BEGIN TASK INPUTS
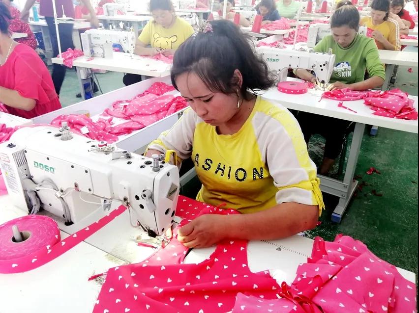 今年22岁的村民古丽扎尔·阿布都沙迪克也是初中毕业,2019年7月底到工厂工作,由于缝纫技艺熟练表现突出,被企业聘用为车间班长,每月有1500元左右工资,她高兴的说:“家门口的服装厂让我足不出户实现了就业,成为了一名产业工人,依靠自己的双手劳动挣钱改善家庭生活,感谢党和政府的好政策,让我从家庭妇女成为了收入稳定的工人!”
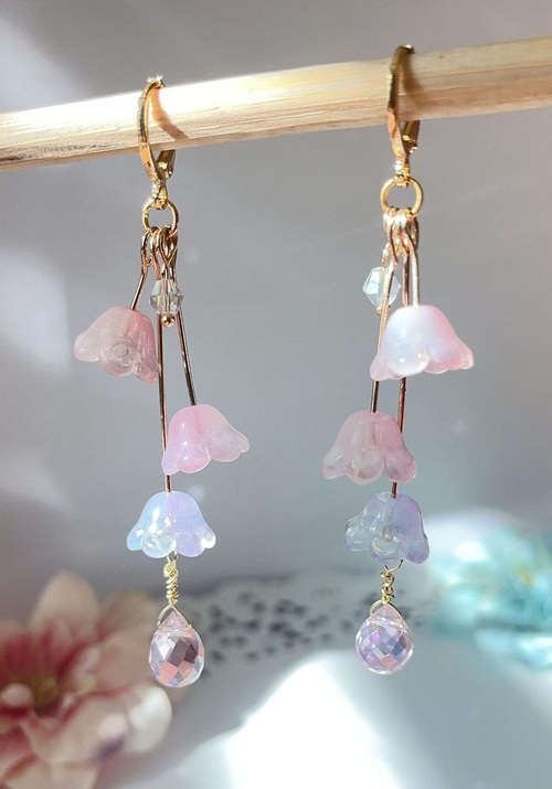 Create that nature-inspired fairy aesthetic with these delicate drop earrings. The light pink and blue bell-shaped flowers add that extra style!
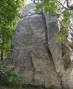 Zbudowana z wapienia skała ma wysokość 15 m, miejscami połogie, miejscami pionowe lub przewieszone ściany z filarem i kominem[3].
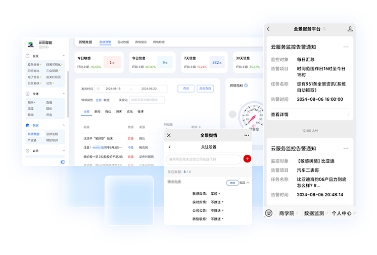 - 对用户及不超过6家关注公司主体的敏感新闻进行全网监测,支持用户自定义敏感词,通过微信公众号【全景服务平台】进行预警信息推送,并在平台提供预警信息查看
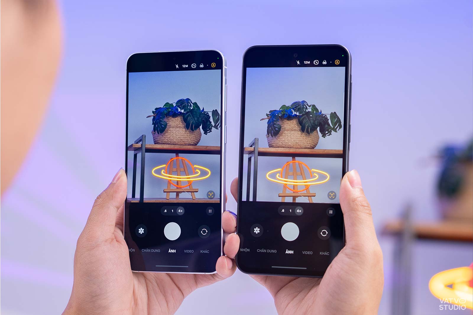 Cả hai thiết bị đều sở hữu hệ thống ba camera sau cùng camera chính độ phân giải 50MP. Bộ đôi này cũng hỗ trợ quay video độ phân giải 4K cho cả camera trước và camera sau. Tuy nhiên, sự khác biệt phần cứng thể hiện rõ ở ống kính góc siêu rộng.
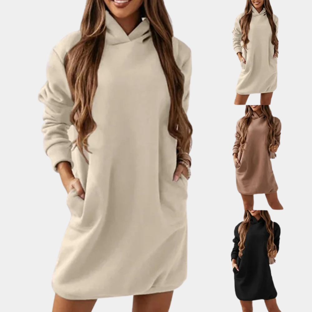 Dieses praktische Kleid bietet nicht nur einen hohen Tragekomfort, sondern ist auch ideal für verschiedene Anlässe. Mit einer Kapuze und einem lässigen Design ist es der perfekte Begleiter für den Alltag sowie für entspannte Freizeitaktivitäten.
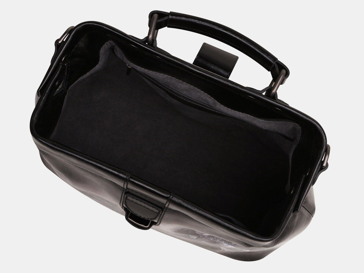 • Удобно носить — используйте как сумку на плечо с помощью ремня, носите в руке за ручку • Продуманная конструкция — полностью раскрывающийся верх женской сумки саквояжа обеспечивает лёгкий доступ к содержимому • Универсальный стиль — сдержанный цвет и изящная роспись ручной работы сочетаются с любым образом
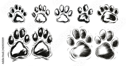 Naklejka premium Set of Dog paw hand drawn sketch pet footprint illustration
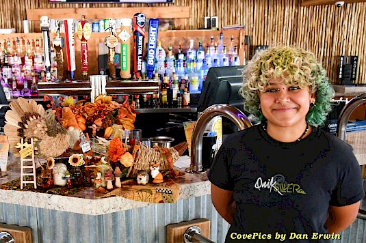 A beautiful Thanksgiving display and a beautiful smile at Cheeks pool bar.
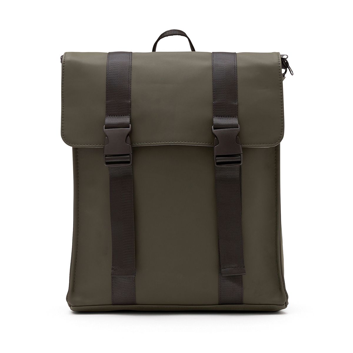 Рюкзак изготовлен из приятного на ощупь водоотталкивающего полиуретана с покрытием soft-touch. Он не боится дождя, брызг и легко очищается. У рюкзака два внутренних отделения: основное и дополнительное, для ноутбука или планшета, с мягкой подкладкой и ремнем на застежке-липучке. Телефон, наушники или другие мелочи можно расположить в трех карманах, один из которых — внутри. Все карманы застегиваются на молнии. Снаружи рюкзак дополнительно фиксируется застежками. Лямки, также изготовленные из полиуретана, можно отрегулировать по длине.
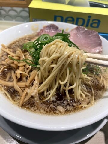 スープはさらさらの清湯醤油味。細かい背脂たっぷり降りかかっていて、ますたに風の京都背脂醤油ラーメンらしいビジュアル。鶏がらベースのスープは良質な背脂ゆえか見た目ほどこってりではなく適度なコクと意外にも後味すっきり。ほどほどのこってり感とギルティさで、実際はすっと入る食べ易いチューニング。幅広い層から指示を受けるだけあってとても美味しい!
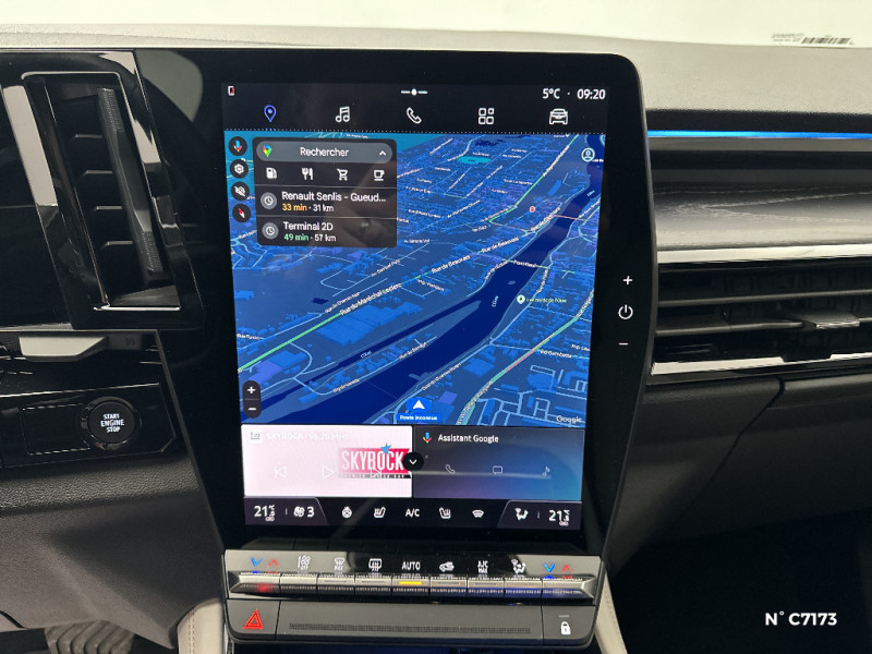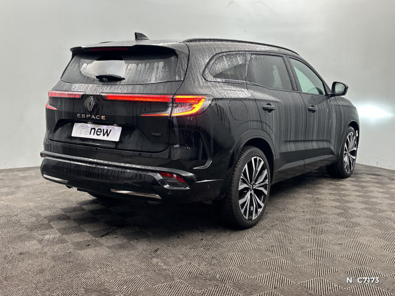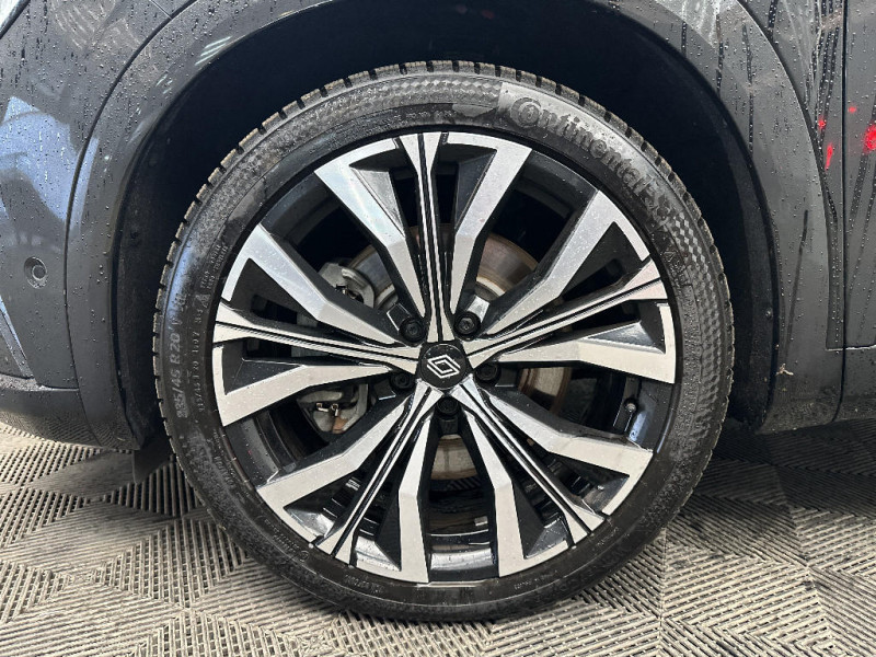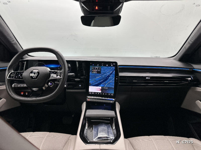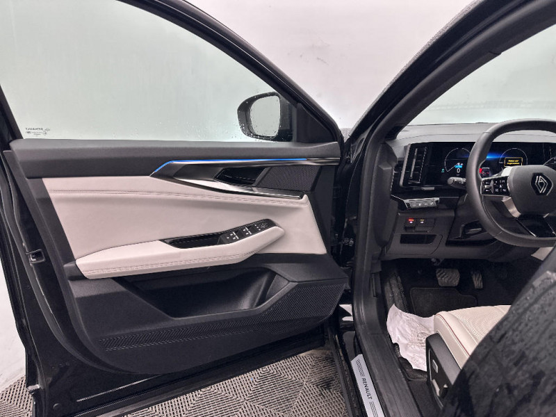 Rétroviseur intérieur électrochrome sans cadre / Rétroviseurs extérieurs électriques à mémoire, dégivrants, rabattables automatiquement / Alerte de distance de sécurité / Volant chauffant / 4Control advanced / 7 places / Hayon motorisé mains libres / Jantes alliage 20" Effie diamantées noir / Alerte franchissement de ligne et assistant maintien dans la voie / Appuie-têtes AV grand confort / Assistance de conduite avec une remorque / Avertisseur d'angle mort et prévention sortie de voie en cas de dépassement / Avertisseur de sortie de stationnement en marche AR avec freinage d'urgence automatique / Banquette AR coulissante 1/3-2/3 avec dossier 40/20/40 / Barres de toit longitudinales / Caméra 3D vision 360° / Ciel de toit gris anthracite / Classe energetique 1 / Carte Renault accès et démarrage mains libres / Clignotants AR dynamiques / Commutation automatique des feux de route/croisement / Coussins grand confort sur appuie-tête AR gris sable clair / Eclairage d'accompagnement au sol avec projection logo / Faux plancher de coffre / Feux AR à LED avec effet 3D / Feux AV full LED Adaptative Vision / Frein de parking électrique avec fonction Auto-Hold / Freinage actif d'urgence urbain (piéton + cycliste + intersection) / Lumière d'ambiance personnalisable / Miroir de surveillance enfants / Multi-sense / Pare-brise chauffant / Parking mains-libres (inclus aides au parking AV, AR et latérale) / Prises au rang 3 / Sellerie cuir gris sable clair perforée avec surpiqûres et joncs ambrés / Seuil de portes / Sièges AV électriques à mémoire avec réglage et massage lombaire conducteur / Sortie sécurisée des occupants / Système ISOFIX sur siège passager & 2 places rang 2 / Système Multimédia openR link 12" : navigation, services Google, audio Arkamys Auditorium / Tableau de bord full numérique 12,3''
END TASK INPUTS
- **YOUR ASSIGNMENT**: Please reproduce the whole listing exactly; the pictures stay out.

- **SOLUTION**:
 今年22岁的村民古丽扎尔·阿布都沙迪克也是初中毕业,2019年7月底到工厂工作,由于缝纫技艺熟练表现突出,被企业聘用为车间班长,每月有1500元左右工资,她高兴的说:“家门口的服装厂让我足不出户实现了就业,成为了一名产业工人,依靠自己的双手劳动挣钱改善家庭生活,感谢党和政府的好政策,让我从家庭妇女成为了收入稳定的工人!”
 Create that nature-inspired fairy aesthetic with these delicate drop earrings. The light pink and blue bell-shaped flowers add that extra style!
 Zbudowana z wapienia skała ma wysokość 15 m, miejscami połogie, miejscami pionowe lub przewieszone ściany z filarem i kominem[3].
 - 对用户及不超过6家关注公司主体的敏感新闻进行全网监测,支持用户自定义敏感词,通过微信公众号【全景服务平台】进行预警信息推送,并在平台提供预警信息查看
 Cả hai thiết bị đều sở hữu hệ thống ba camera sau cùng camera chính độ phân giải 50MP. Bộ đôi này cũng hỗ trợ quay video độ phân giải 4K cho cả camera trước và camera sau. Tuy nhiên, sự khác biệt phần cứng thể hiện rõ ở ống kính góc siêu rộng.
 Dieses praktische Kleid bietet nicht nur einen hohen Tragekomfort, sondern ist auch ideal für verschiedene Anlässe. Mit einer Kapuze und einem lässigen Design ist es der perfekte Begleiter für den Alltag sowie für entspannte Freizeitaktivitäten.
 • Удобно носить — используйте как сумку на плечо с помощью ремня, носите в руке за ручку • Продуманная конструкция — полностью раскрывающийся верх женской сумки саквояжа обеспечивает лёгкий доступ к содержимому • Универсальный стиль — сдержанный цвет и изящная роспись ручной работы сочетаются с любым образом
 Naklejka premium Set of Dog paw hand drawn sketch pet footprint illustration
 A beautiful Thanksgiving display and a beautiful smile at Cheeks pool bar.
 Рюкзак изготовлен из приятного на ощупь водоотталкивающего полиуретана с покрытием soft-touch. Он не боится дождя, брызг и легко очищается. У рюкзака два внутренних отделения: основное и дополнительное, для ноутбука или планшета, с мягкой подкладкой и ремнем на застежке-липучке. Телефон, наушники или другие мелочи можно расположить в трех карманах, один из которых — внутри. Все карманы застегиваются на молнии. Снаружи рюкзак дополнительно фиксируется застежками. Лямки, также изготовленные из полиуретана, можно отрегулировать по длине.
 スープはさらさらの清湯醤油味。細かい背脂たっぷり降りかかっていて、ますたに風の京都背脂醤油ラーメンらしいビジュアル。鶏がらベースのスープは良質な背脂ゆえか見た目ほどこってりではなく適度なコクと意外にも後味すっきり。ほどほどのこってり感とギルティさで、実際はすっと入る食べ易いチューニング。幅広い層から指示を受けるだけあってとても美味しい!
 Rétroviseur intérieur électrochrome sans cadre / Rétroviseurs extérieurs électriques à mémoire, dégivrants, rabattables automatiquement / Alerte de distance de sécurité / Volant chauffant / 4Control advanced / 7 places / Hayon motorisé mains libres / Jantes alliage 20" Effie diamantées noir / Alerte franchissement de ligne et assistant maintien dans la voie / Appuie-têtes AV grand confort / Assistance de conduite avec une remorque / Avertisseur d'angle mort et prévention sortie de voie en cas de dépassement / Avertisseur de sortie de stationnement en marche AR avec freinage d'urgence automatique / Banquette AR coulissante 1/3-2/3 avec dossier 40/20/40 / Barres de toit longitudinales / Caméra 3D vision 360° / Ciel de toit gris anthracite / Classe energetique 1 / Carte Renault accès et démarrage mains libres / Clignotants AR dynamiques / Commutation automatique des feux de route/croisement / Coussins grand confort sur appuie-tête AR gris sable clair / Eclairage d'accompagnement au sol avec projection logo / Faux plancher de coffre / Feux AR à LED avec effet 3D / Feux AV full LED Adaptative Vision / Frein de parking électrique avec fonction Auto-Hold / Freinage actif d'urgence urbain (piéton + cycliste + intersection) / Lumière d'ambiance personnalisable / Miroir de surveillance enfants / Multi-sense / Pare-brise chauffant / Parking mains-libres (inclus aides au parking AV, AR et latérale) / Prises au rang 3 / Sellerie cuir gris sable clair perforée avec surpiqûres et joncs ambrés / Seuil de portes / Sièges AV électriques à mémoire avec réglage et massage lombaire conducteur / Sortie sécurisée des occupants / Système ISOFIX sur siège passager & 2 places rang 2 / Système Multimédia openR link 12" : navigation, services Google, audio Arkamys Auditorium / Tableau de bord full numérique 12,3''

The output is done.